At the beginning of last year, I spent time trying to answer the question of how war would change Russia – my hunch was “the same, but worse”. I continue to ask that question, both of myself and the dozens of Russians I work with.
I’m the only foreign anthropologist to have carried out fieldwork in Russia since the war began. I’m also (probably) the only researcher with long-term contacts from all walks of life, who can get reliable responses and avoid many of the biases those studying Russia are unavoidably subject to. Explaining the war means that many contradictory things need to be said. For many Russians, the conflict is traumatising yet normalised at the same time.

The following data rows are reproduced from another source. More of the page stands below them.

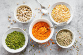 Zdjęcie "Miski z różnymi rodzajami roślin strączkowych na szarym tle betonowym" może być wykorzystywane do celów osobistych i komercyjnych zgodnie z warunkami zakupionej licencji Royalty-free. Obraz jest dostępny do pobrania w jakości wysokiej rozdzielczości do 5760x3840.
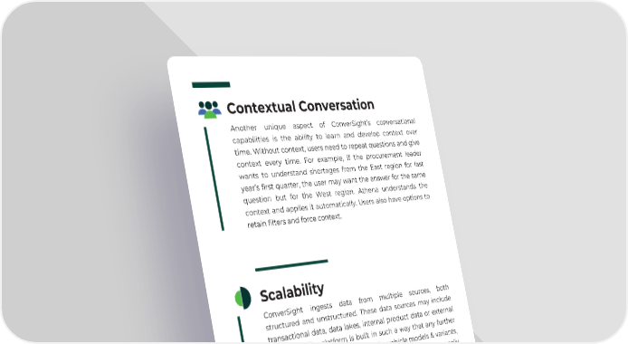 Contextual Conversation Another unique aspect of ConverSight’s conversational capabilities is the ability to learn and develop context over time. Without context, users need to repeat questions and give context every time. For example, if the procurement leader wants to understand shortages from the East region for last year’s first quarter, the user may want the answer for the same question but for the West region. Athena understands the context and applies it automatically. Users also have options to retain filters and force context. Scalability ConverSight ingests data from multiple sources, both structured and unstructured. These data sources may include transactional data, data lakes, internal product data or external data feeds. The platform is built in such a way that any further addition or changes into the data like vehicle models & variants, sales, forecast, plan changes, supplier & part changes are easily comprehended, making the solution highly flexible and scalable on-the-go with the least possible lag and effort. www.conversight.ai 8
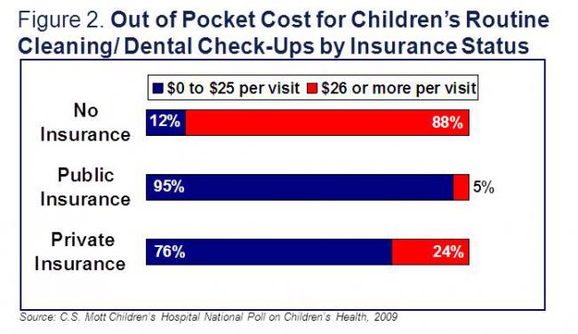 Costs can be problematic for children with private dental insurance, as well. Nearly a quarter of this group paid more than $25 out-of-pocket for a routine dental cleaning for their child; these higher out-of-pocket costs were linked to lower rates of regular dental care.
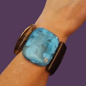 Enhance your style with this elegant blue and brown wearable bracelet. Perfect for any occasion.
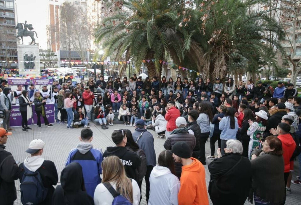 Mayra Mendoza compartió este sábado junto a cientos de jóvenes el festival de cierre de vacaciones de invierno en la plaza San Martín, en Mitre y Rivadavia, que contó con música, baile, radio abierta, foodtrucks y feria de emprendedores.

As I wrote in openDemocracy shortly after the invasion, when people are presented with potentially traumatising information, their cognitive coping mechanisms include denial and avoidance. As time goes by, they gravitate to more ‘sophisticated’ ways of dealing with the disturbing idea that their country is responsible for mass death and destruction, war crimes and worse.

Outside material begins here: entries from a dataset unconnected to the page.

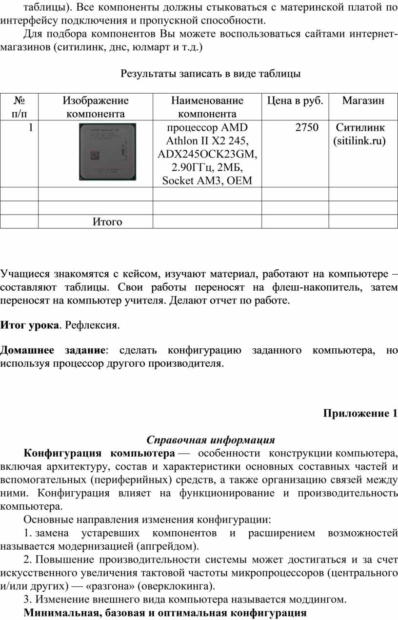 Знакомство с основными техническими характеристиками устройств персонального компьютера; знакомство с номенклатурой и символикой; знакомство с принципами комплектации компьютера при покупке ПК; получение навыков в оценке стоимости комплекта устройств ПК.
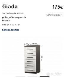 Vendo, Cassettiera, Settimino e 2 comodini,Giada mondo convenienza, Colore Ghisa -Guercia Bianca. In foto le misure e i singoli prezzi del nuovo. vendo tutto a 200€.
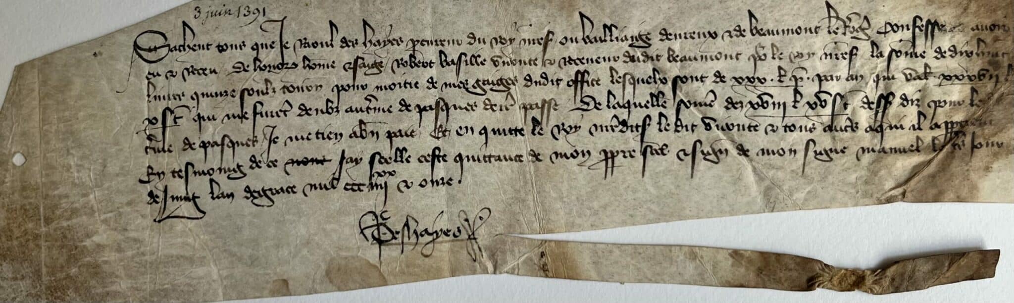 Pièce manuscrite sur parchemin, datée du 4 juin 1391, signée de son seing manuel par Raoul Des Hayes, procureur du roi au bailliage d'Évreux et de Beaumont : reçu pour le paiement de la somme de 18 livres et quinze sols tournois "pour moitié de mes gaiges dudit office lesquels sont de xxx £ t. par an" des mains de "Robert Basille viconte et receveur dudit Beaumont".
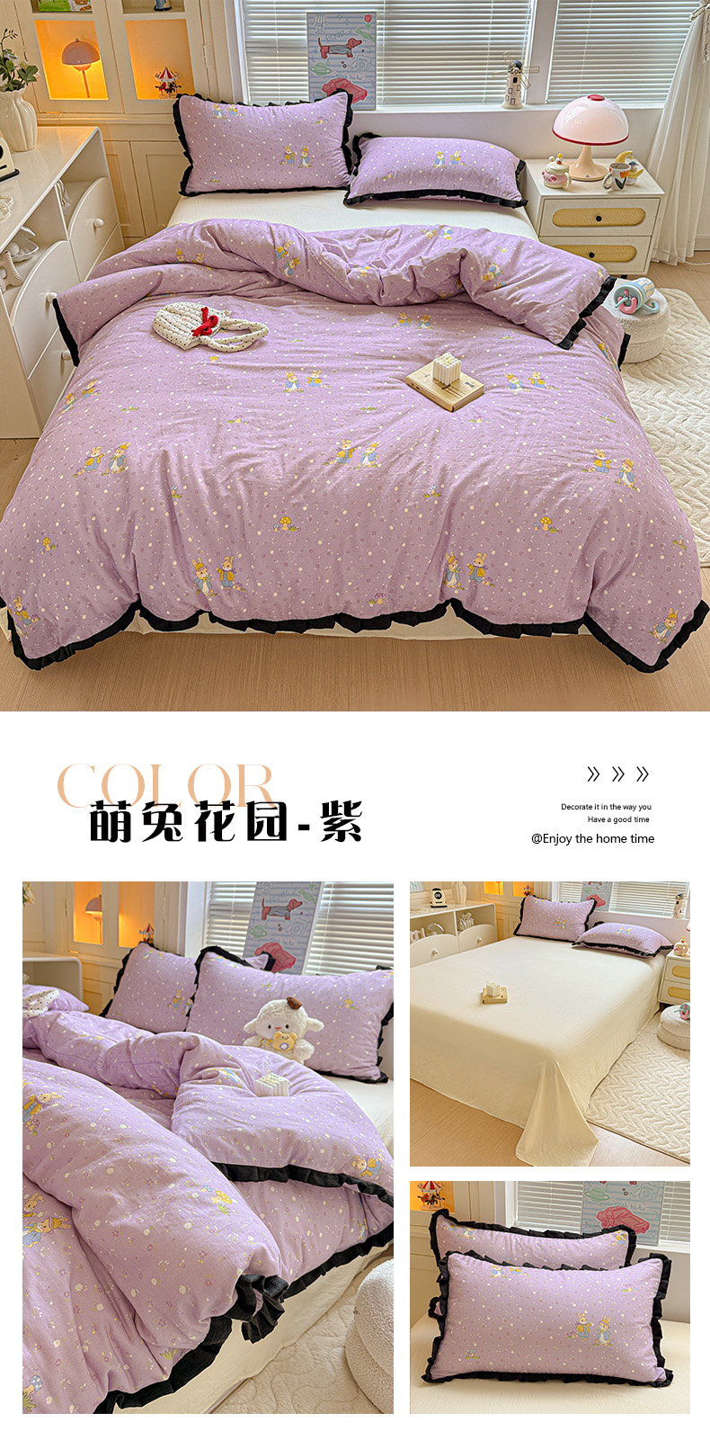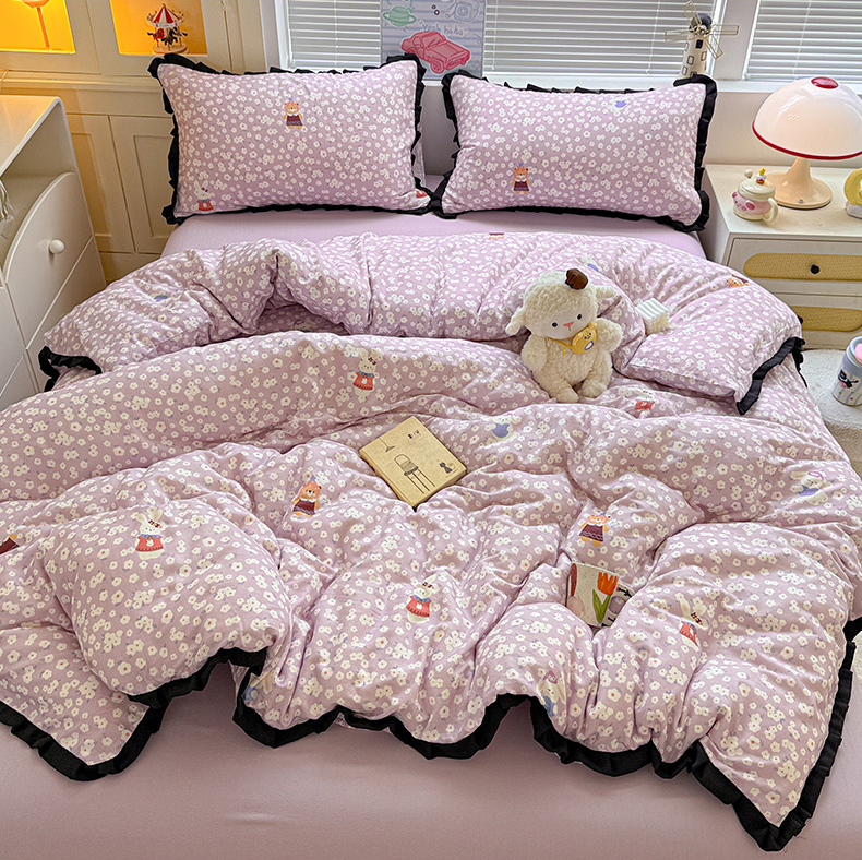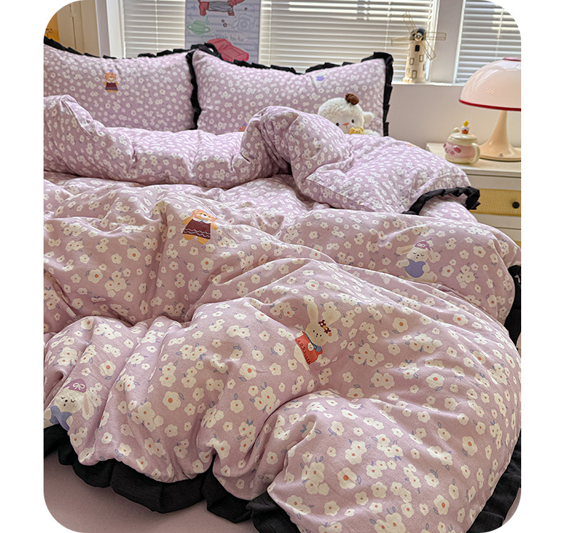 当前位置: 91家纺网 > 商品网购 > 床品套件 > 四件套 > 其它四件套 > 喜颜 2025新款超柔水洗双层纱皱皱纱花边四件套 兔软软-紫

They consolidate defensively around ideas that justify or explain the invasion, and allow them to continue their lives in as mundane a way as possible – that it’s the West who is the aggressor, or that Ukrainians are dupes of their own “fascist regime”.
These are not really ideas, but feelings that tap into deep-seated historical processes and unfinished questions about the nature of Russia and, before it, the Soviet state. These include misplaced and inaccurate perceptions of the Soviet order’s benign governance of Ukraine and elsewhere, as well as accusations of imperialist sins by the West while denying Russia’s same sins.
Geopolitical and historical resentment about the loss of the Soviet project are felt deeply by many Russians. Like all things that people believe about their own countries, these feelings are amplified in a crisis. But even this is not the main thing.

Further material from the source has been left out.